This afternoon we also asked the Prime Minister about another burning
issue – the matter of oil and specifically the revenues that government
has been collecting from Belize Natural Energy. As we’ve reported, BNE
has extracted more than 4 million barrels of oil and generated gross revenues
of nearly $600 million. GOB however has only collected $104 million. That amounts
to roughly 17.4 cents on the dollar – and while activists are outraged
and are calling on government to act - the Prime Minister says he won’t.

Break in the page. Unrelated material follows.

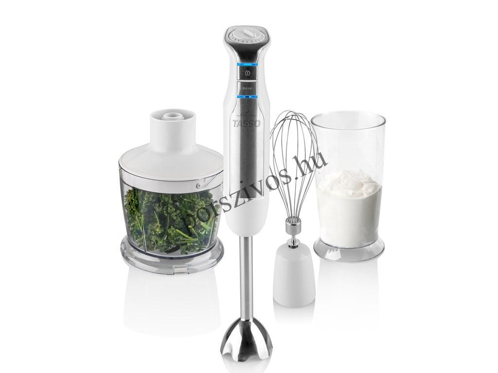 Az ETA Tasso botmixer szetthez jár egy 500 ml-es aprító edény, mely segítségével feldarabolhatja a zöldségeket, összeállíthatja a tésztát, diót apríthat, vagy akár a jeget is frissítő jégkása alappá varázsolja.Minden konyhában helyt állAz elmúlt évtizedekben a botmixer a legtöbb háziasszony konyhai felszerelésének szerves részét képezi, mivel praktikus, nem sok helyet foglal, de teljesítménye elég nagy a mindennapi főzésnél szükséges teendőkhöz. Az ETA Tasso 600 W-os motorral rendelkezik, és a folyamatos sebességszabályzásnak köszönhetően alkalmazkodik az éppen felmerülő igényekhez. A rozsdamentes acél elemeknek, és az ergonomikus kialakítású műanyag tartozékoknak köszönhetően teljes értékű segéd a konyhában, és nem mellesleg tökéletesen illeszkedik a kézbe.Segítség, könnyedénA botmixer egyszerű összeszerelése, kezelése és karbantartása nagy könnyedséget jelent a használat során. Használat után egy egyszerű mozdulattal szétszerelheti a mixert, és meleg vízben leöblítve használatra kész a következő főzési fázisra. A tartozékok cseréje szinte gyerekjáték a gyors zár funkciónak köszönhetően, hiszen egy pillanat alatt kicserélheti a botmixert az aprítóra vagy a habverőre, attól függően, hogy éppen mire van szüksége. Ha maximális teljesítményre van szüksége, akkor pedig a TURBO gomb rendelkezésére áll majd a használat során!Tulajdonságok BotmixerNagy teljesítményű és csendes DC motor 600 W teljesítmény felvétellelKényelmes használat az ergonomikus fogantyúnak köszönhetőenFolyamatos sebesség szabályozás, ami lehetővé teszi az egyéni sebesség beállítást igénye szerintTURBO gomb a maximális fordulatszámértNagyon gyors összeszerelés, egyszerű vezérlés és könnyű karbantartásMűködési fényjelzőTápkábel hossza 1 mTartozékok széles skálája:Levehető botmixer rozsdamentes acélbólHabverő tartozékHajtómű az optimális fordulatszám biztosításáhozKis 500 ml vágó tartozéksarló alakú kés rozsdamentes acélbólcsúszásmentes lábak biztosítják a stabilitástMunka edény kapacitása 600 ml Besorsolás nélkül:Fogyasztás merülő mixer: 600 WSebesség száma: 6Folyamatos szabályozás: IgenPulzusos kapcsoló: IgenFunkciók, tartozékok: mixelő edény, mixelés, szaggató, habverés,Minőségjelzés dTest: NemEnergiaforrás: hálózatiGarancia: 24 hónap Termék méretei:Szélesség: 6.5 cmMagasság: 39.0 cmHosszúság: 7.0 cmTömeg: 1.32 kg Doboz méretei:Szélesség: 23.5 cmMagasság: 25.0 cmHosszúság: 13.5 cmTömeg: 1.57 kg

You can holler that as they say because Prime Minister Barrow told us that the
production sharing agreement with BNE for Spanish Lookout is a signed deal and
he won’t break it – or even attempt to.
Hon. Dean Barrow, Prime Minister
“What has upset me is the level of ignorance which has then served
as a platform for people to make mischief. In terms of what the take is, would
I like more? Absolutely. We have to see the entire picture. First of all we
are locked into a contract by the last government, the same people who are bleating
so loudly and I draw a distinction between contracts that we didn’t know
about, secret contracts such as the Accommodation Agreement, which I think we
have every moral and perhaps legal right to reject, and contracts that were
signed in the full light of day in a publicly disclosed manner. You are going
to break those sorts of contracts at your legal peril and also at the risk of
interfering with the investment climate.
We have not found nearly enough oil. In my view there is much more oil
to be found in this country. If we interfere with the investment client it is
for certain that as a country we don’t have the resources to undertake
the exploration on our own. I can’t run the risk of driving away those
that are even now engaged in the process of trying to find more oil by demonstrating
to them that we can’t be trusted to keep our word even in the context
of legally binding contracts.
So I am going to say very clearly at the risk of any political fallout
that might ensue that I have no absolutely no intention in the current circumstances
of unilaterally breaking the contractual arrangements that govern the BNE situation.”
Keith Swift,
“But do you think 17 cents on the dollar is our fair share?”
Hon. Dean Barrow,
“But I don’t know that it is 17 cents on the dollar. But whatever
it is, you have to understand that you can only hope to get a portion of the
net.
Part of it has been you have a kind of catch 22 situation. If you no oil
exploration is done then a huge element of cost that can be written off will
then disappear and naturally the net will be that much greater and government’s
take will be that much greater. But at the same time you want to encourage continued
exploration because you want to find more oil. It can be such tremendous contributor
to growth and development. So it is a trade off, it is a balancing act, and
at this juncture I don’t believe that we can do any better in the context
of the practicalities of the situation including the legal contractual arrangements.”